Friday, April 26, 2013

Tangled Up in Conflict!

Let’s talk about conflict—those tangly, knotty plot threads that screw up your main character’s life and give us a story instead of a straight line. We don’t want to make things easy for your characters—that would be boring. But spending the whole book focused on just one conflict? That’s letting them off too easy, if you ask me. We want them to suffer for your art, despair and wail and feel hopeless before slowly, things start to fall into place, one by one.

I believe for a richly layered story, you can balance three types of conflict for maximum heartache: internal conflict, interpersonal conflict, and global conflict. Regardless of your story’s genre, if you can slot at least one conflict into each of these categories, I think you’ll be pleased with the results, and never tire of ways to torment your character on their journey to the end.

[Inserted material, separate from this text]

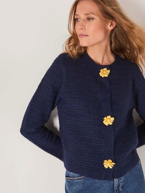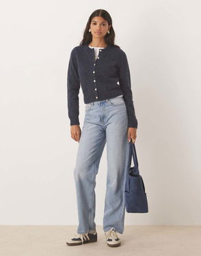 Abercrombie & Fitch Micro Cardigan With Gold Buttons In Navy

Internal Conflict. This is where you really dig into who your main character is and who he or she wants to be. Whether they are consciously pushing toward these goals or not, that doubt and determination will add interest to your character’s internal life (especially if you’re writing in first person). Does your psychic feel guilt over the harmful nature of her superpower? Does your star quarterback regret that he never made time for his secret love of painting? Does your princess question whether finding a wealthy husband is really all she wants from life? Make them question their identity, or yearn to reconcile their internal wants with the way they’ve constructed their life.

Interpersonal Conflict. Here we learn how your main character ties into the people around him or her. These people can, in turns, help or hinder your character’s other conflicts, or this conflict can be the crux of the story. She could be really close to her dad, and be devastated when he’s diagnosed with cancer. Maybe he is trying to win the eye of the talented sorceress, but she rebukes him at every turn. Whether these interpersonal conflicts form the crux of your story (like in a contemporary romance) or add depth to another conflict, the question of who is or isn’t an ally adds a great sense of tension and drama.

Global Conflict. Now the fate of the universe hangs in the balance! …Or even just the outcome of the Prom Queen vote. The “global” conflict doesn’t have to be a matter of life or death, but it should be something hanging over most if not all of your main players. College entrance exams, a war summit, an impending space shuttle crash, or the beach party to end all beach parties—everyone stands to lose or gain something, and often no one does so more than your main character.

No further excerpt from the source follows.